I take great pleasure in rising to support the motion of the member for Higgins. It is a motion that is particularly important at this time of the year. Yesterday was World AIDS Day, and every year this parliament needs to remember World AIDS Day and to talk about the significance of that day and make a pledge to work towards coming up with a cure for, or some form of vaccine against, AIDS.

Here are a few facts. HIV continues to be a major global public health issue, and it has claimed the lives of 36 million people worldwide. That is a phenomenal number of people that have succumbed to AIDS. Approximately 35.3 million people were living with AIDS in 2012, and I am sure most members would know people within their own electorates who are living with AIDS.

Sub-Saharan Africa is the most affected region, with nearly one in every 20 adults living with HIV—69 per cent of all people living with HIV are in this region. In 2008 I visited South Africa, and when I was there I met with a woman with a young family who was living with AIDS. She told us about how she had gone to the brink: of how she had nearly died. She had been in a facility, and was put in a little room—just put there to die. She was stigmatised by everybody who lived in her township. It was only because she received some care and some drugs that she was given back her life. She had a young child. This young child had the vision of playing soccer for South Africa, and his chances of being able to achieve that were much greater when he had his mother there to support him.

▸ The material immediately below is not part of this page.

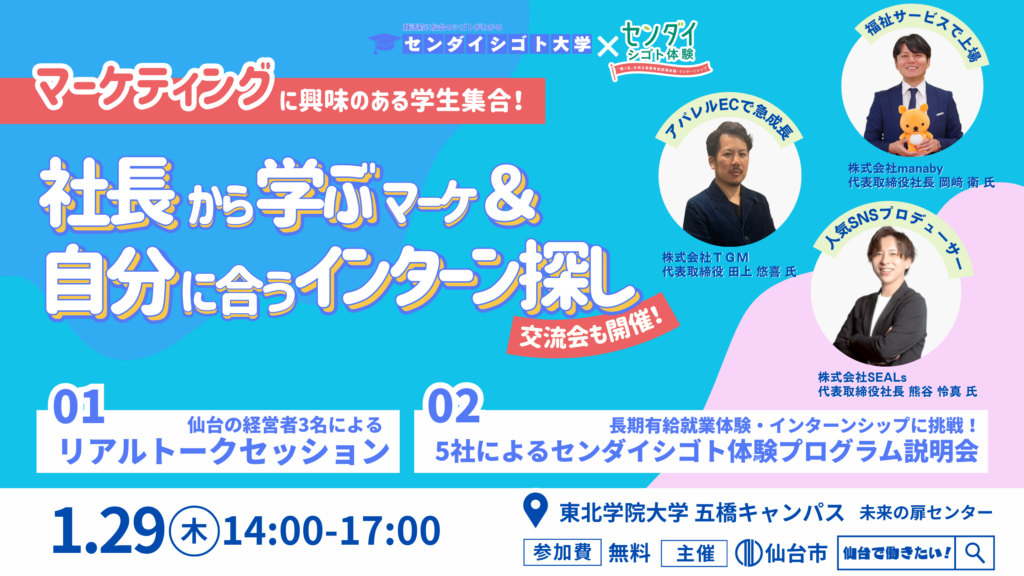 センダイシゴト大学✕センダイシゴト体験コラボイベント!!テーマは「マーケティング✕シゴト」

I also met with a young family who had lost their mother and their father to AIDS. They had a memory box, and in it were the only mementos they had of their parents. The family had the support of the township they lived in, but the eldest child was actually looking after the family and keeping it together. It is only by visiting a place like that that you can understand the magnitude of the impact that AIDS has had on real people's lives. We read about it, we hear about it, but when you are in that environment you see the stigmatisation that is directed towards those people that are living with AIDS, you see the challenges they face each and every day, you see the enormity of the loss of lives and you can really understand how it has impacted on those communities.

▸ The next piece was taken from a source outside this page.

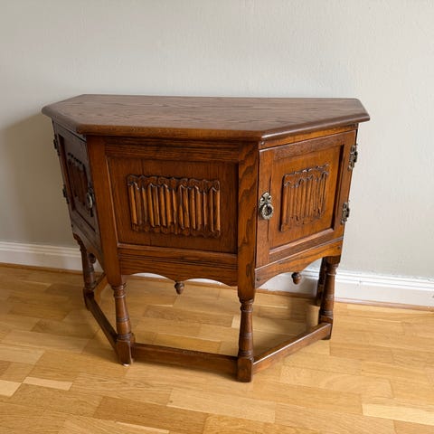 Vintage barskåp / serveringsbord i trä med avtagbar bricka

As we all know, AIDS has now been around since the early eighties. In Australia I think we probably had one of the best campaigns at the time with the Grim Reaper campaign. That was put in place as a shock tactic to raise awareness within the community of the dangers of HIV and the way it was contacted, It was trying to stop those risky behaviours that would then lead to a reduction in the number of cases of HIV.

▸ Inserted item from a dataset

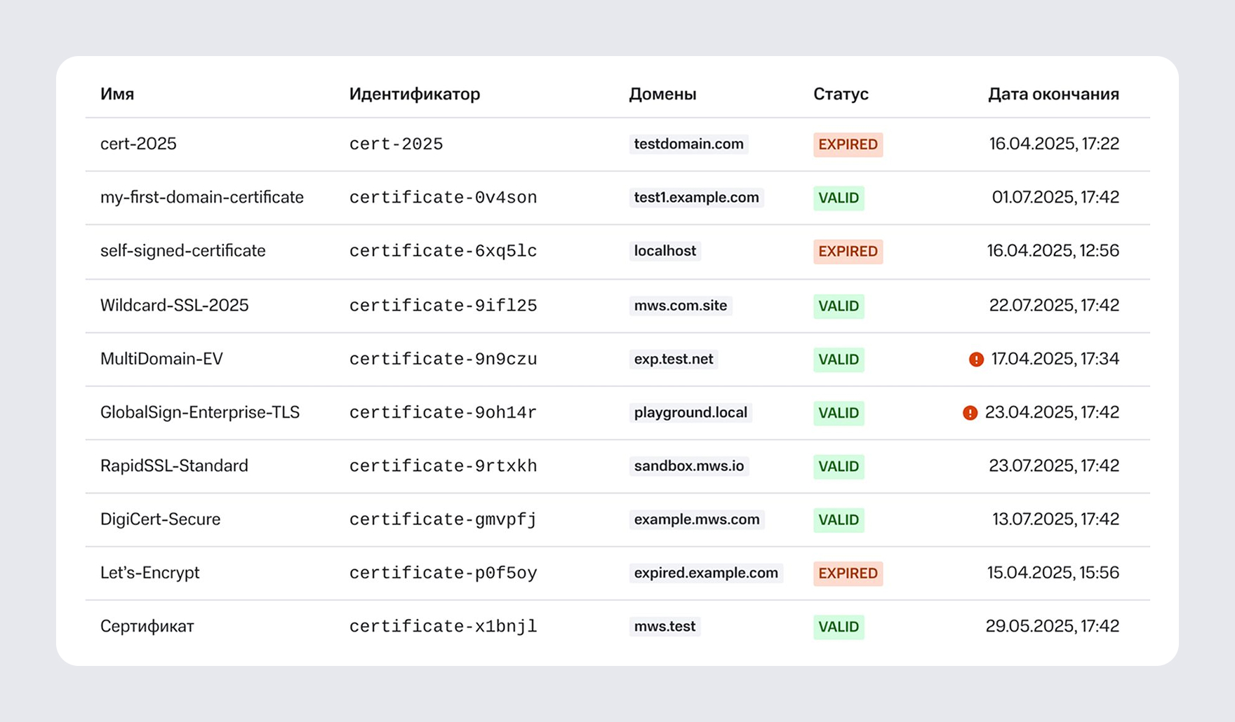 Сервис предоставляет единое место для хранения, обновления, отслеживания использования и удаления сертификатов в облаке MWS

By December last year there had been 34,029 cases of HIV diagnosed in Australia since 1982 and more than 25,700 people living with HIV in Australia. The majority of these are men. Paul O'Grady, who was a member of the Legislative Council in New South Wales, was one of the first people diagnosed with HIV back in the early eighties. He became terribly ill in the mid to late 1990s and resigned from the Legislative Council. Then he started using the retroviral drugs and that has enabled him to live a longer life and enjoy a good quality of life. There are times when he is more unwell than others.

It has impacted on many people and has impacted on many families. It has actually impacted on my own family. My sister-in-law and her husband both died from AIDS back in the early 1990s. The husband contracted AIDS and then transferred it to my sister-in-law. He was diagnosed very late at the time when HIV was becoming more widely diagnosed. He died fairly quickly. My sister-in-law was diagnosed after his death. Luckily, their four children were free of the virus. She died after a struggle of a couple of years. During that time she felt terribly stigmatised by the fact that she had AIDS. She was embarrassed about it. I read some of the things she wrote about going to the dentist and the way that she was treated on those occasions.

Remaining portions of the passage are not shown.